La Québécoise Nathalie Morin a affirmé à La Presse avoir été repoussée à l'extérieur de l'enceinte de l'ambassade du Canada à Riyad où elle s'était réfugiée. 

Annabelle Blais LA PRESSE

Lundi matin, elle et sa famille avaient parcouru les 400 km qui séparent Dammam et la capitale pour obtenir de l'aide afin de revenir au Canada. « C'était ma dernière option », a-t-elle déclaré au téléphone.

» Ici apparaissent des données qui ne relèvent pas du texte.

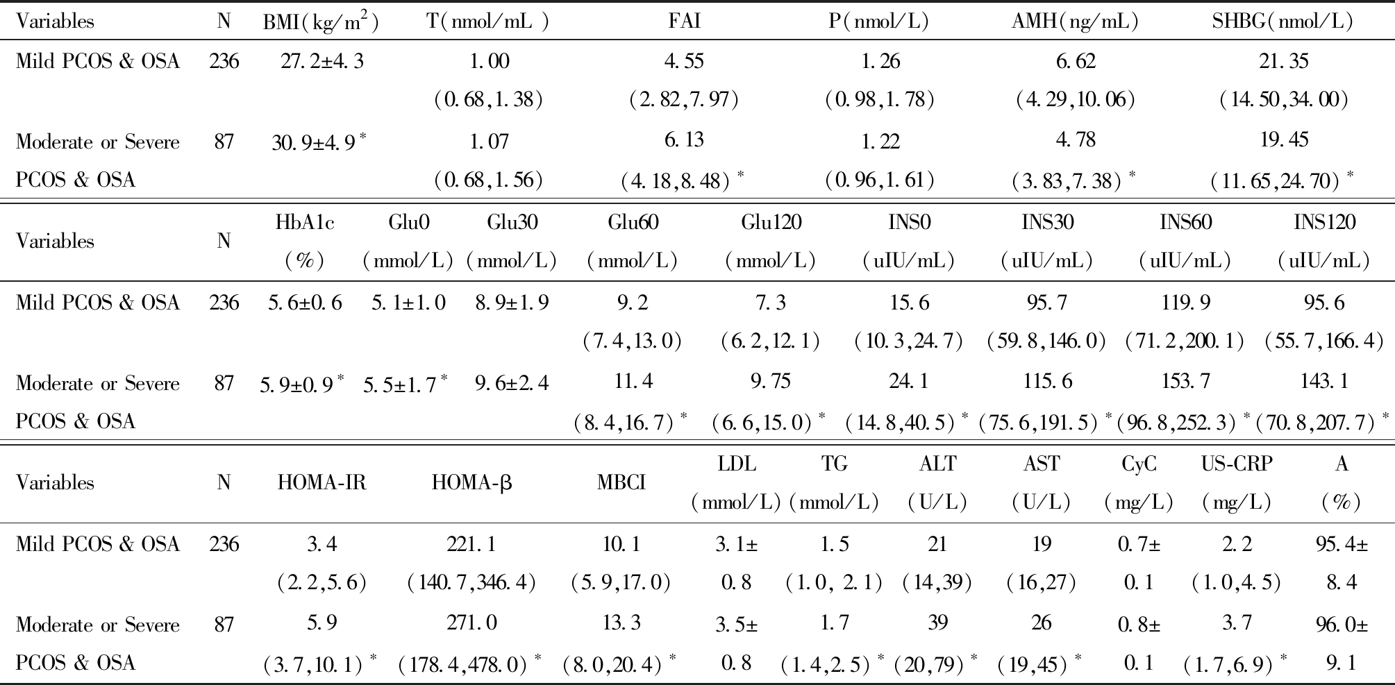 VariablesNBMI(kg/m2)T(nmol/mL )FAIP(nmol/L)AMH(ng/mL)SHBG(nmol/L)Mild PCOS & OSA23627.2±4.31.00(0.68,1.38)4.55(2.82,7.97)1.26(0.98,1.78)6.62(4.29,10.06)21.35(14.50,34.00)Moderate or Severe PCOS & OSA8730.9±4.9∗1.07(0.68,1.56)6.13(4.18,8.48)∗1.22(0.96,1.61)4.78(3.83,7.38)∗19.45(11.65,24.70)∗VariablesNHbA1c(%)Glu0(mmol/L)Glu30(mmol/L)Glu60(mmol/L)Glu120(mmol/L)INS0(uIU/mL)INS30(uIU/mL)INS60(uIU/mL)INS120(uIU/mL)Mild PCOS & OSA2365.6±0.65.1±1.08.9±1.99.2(7.4,13.0)7.3(6.2,12.1)15.6(10.3,24.7)95.7(59.8,146.0)119.9(71.2,200.1)95.6(55.7,166.4)Moderate or Severe PCOS & OSA875.9±0.9∗5.5±1.7∗9.6±2.411.4(8.4,16.7) ∗9.75(6.6,15.0) ∗24.1(14.8,40.5) ∗115.6(75.6,191.5) ∗153.7(96.8,252.3)∗143.1(70.8,207.7)∗VariablesNHOMA-IRHOMA-βMBCILDL(mmol/L)TG(mmol/L)ALT(U/L)AST(U/L)CyC(mg/L)US-CRP(mg/L)A(%)Mild PCOS & OSA2363.4(2.2,5.6)221.1(140.7,346.4)10.1(5.9,17.0)3.1±0.81.5(1.0, 2.1)21(14,39)19(16,27)0.7±0.12.2(1.0,4.5)95.4±8.4Moderate or Severe PCOS & OSA875.9(3.7,10.1) ∗271.0(178.4,478.0)∗13.3(8.0,20.4) ∗3.5±0.81.7(1.4,2.5) ∗39(20,79)∗26(19,45) ∗0.8±0.13.7(1.7,6.9) ∗96.0±9.1

Nathalie Morin est retenue en Arabie saoudite, où elle était partie rejoindre son conjoint saoudien en mars 2005. Le père ne s'oppose plus au départ de sa famille, qu'il a reconduite à Riyad.

Mme Morin affirme être entrée dans l'ambassade, mais ses deux fils et sa fille s'en sont vu refuser l'accès. Selon Mme Morin, ses enfants, qui auraient un passeport canadien, se sont retrouvés seuls devant des portes closes jusqu'à ce que leur père revienne les chercher.

Mme Morin, enceinte de 7 mois, soutient qu'elle a littéralement été poussée vers la sortie par un agent de sécurité. Le ministère des Affaires étrangères du Canada refuse de révéler des détails liés à ce dossier.